Ajoutez -v si vous voulez voir ce qui se passe et -o HostKeyAlgorithms = ssh-dss si cela ne fonctionne toujours pas:

ssh -v -o HostKeyAlgorithms=ssh-dss -o KexAlgorithms=diffie-hellman-group14-sha1 my.host.com

Vous pouvez également, bien sûr, éditer / etc / ssh / ssh_config ou ~ / .ssh / ssh_config, et ajouter:

Host my.host.com *.myinsecure.net 192.168.1.* 192.168.2.*
    HostKeyAlgorithms ssh-dss
    KexAlgorithms diffie-hellman-group1-sha1    

https://forum.ctwug.za.net/t/fyi-openssh-to-access-rbs-openssh-7/6069 mentionne le correctif suivant sur les cartes de routeur Mikrotik:

/ip ssh set strong-crypto=yes

(Notez cela ici, car cette réponse apparaît également dans les recherches sur le Web lorsque vous recherchez un message d'erreur similaire.)

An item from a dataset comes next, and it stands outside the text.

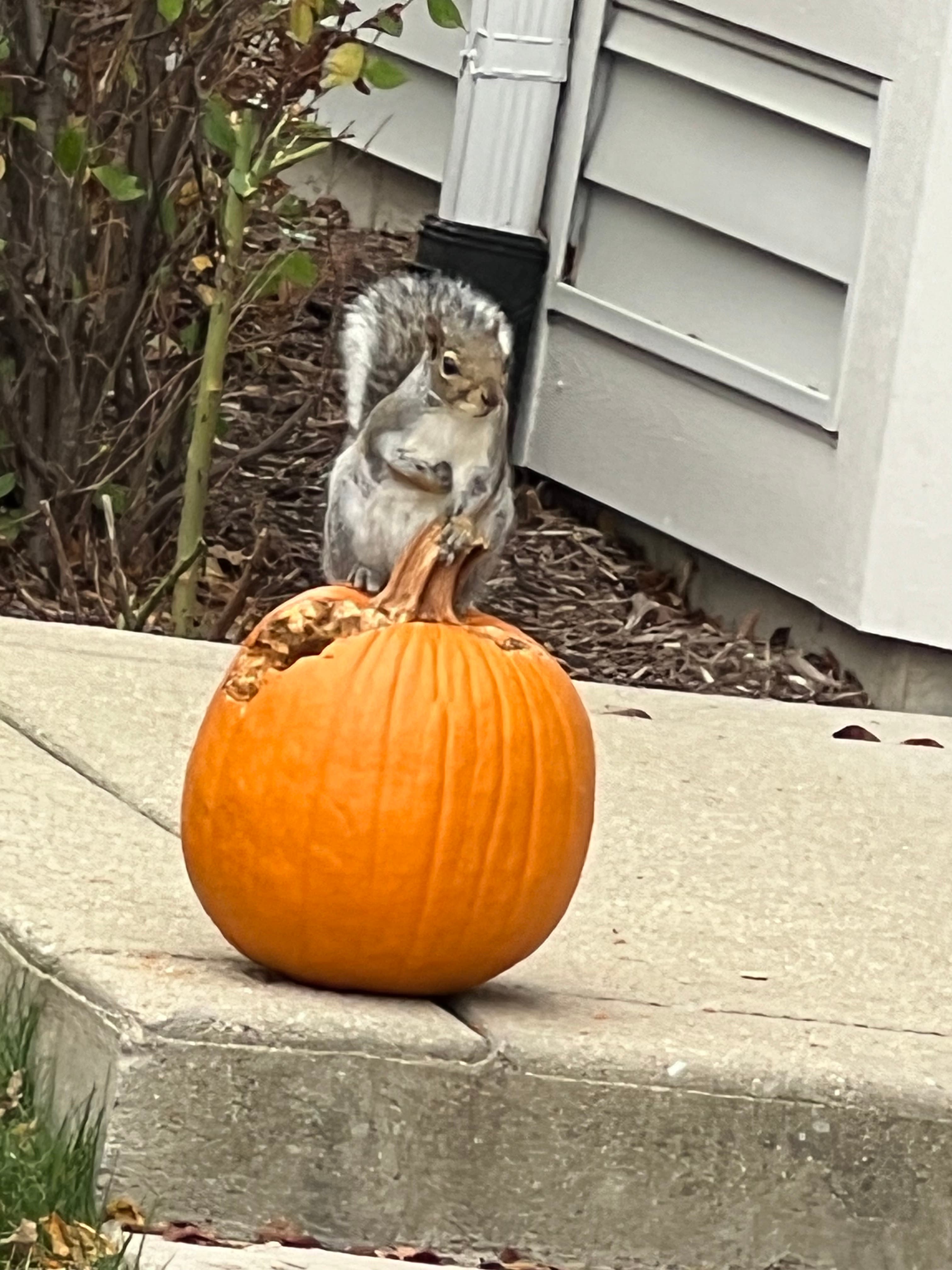 Linda Bilecki, of Crest Hill, says "Snowy the Squirrel" has been coming to her house for a couple of years for peanuts and pumpkin. "She got her name from her white tummy," Bilecki tells us.

Si vous souhaitez l'utiliser sur Git sans modifier votre ssh_config ou mettre à jour le serveur SSH:

GIT_SSH="ssh -oHostKeyAlgorithms=+ssh-dss -oKexAlgorithms=diffie-hellman-group14-sha1" git clone ssh://user@host/path-to-repository

2
cela fonctionne aussi pour sftp
bao7uo

11

Il semble que vous ayez rencontré ce bug .

Cause

Une modification a été apportée au package openssh, traitant de Diffie-Hellman Group Exchange. Auparavant, les clés de taille 1024 à 8192 pouvaient être échangées. Le minimum a été relevé à 1536 pour plus de sécurité et pour éviter la vulnérabilité "logjam". Cependant, s'il est utilisé avec certaines implémentations ssh tierces qui ne prennent en charge que 1024, un échec se produira. Idéalement, la configuration ou le code ssh tiers devrait être mis à jour pour utiliser des tailles de clé plus grandes.

...

Vous pouvez trouver 3 résolutions différentes dans le lien. Dans les situations où vous n'avez pas de pouvoir d'administrateur ou où il y a trop de bureaucratie pour obtenir des changements plus profonds, se débarrasser de l'algorithme problématique en attendant une disponibilité de SHA-2 sur le serveur me semblait la meilleure option. Vous pouvez même l'exécuter de manière utilisateur dans votre fichier $ HOME / .ssh / config.

KexAlgorithms diffie-hellman-group-exchange-sha256,diffie-hellman-group14-sha1,diffie-hellman-group1-sha1
En utilisant notre site, vous reconnaissez avoir lu et compris notre politique liée aux cookies et notre politique de confidentialité.
Licensed under cc by-sa 3.0 with attribution required.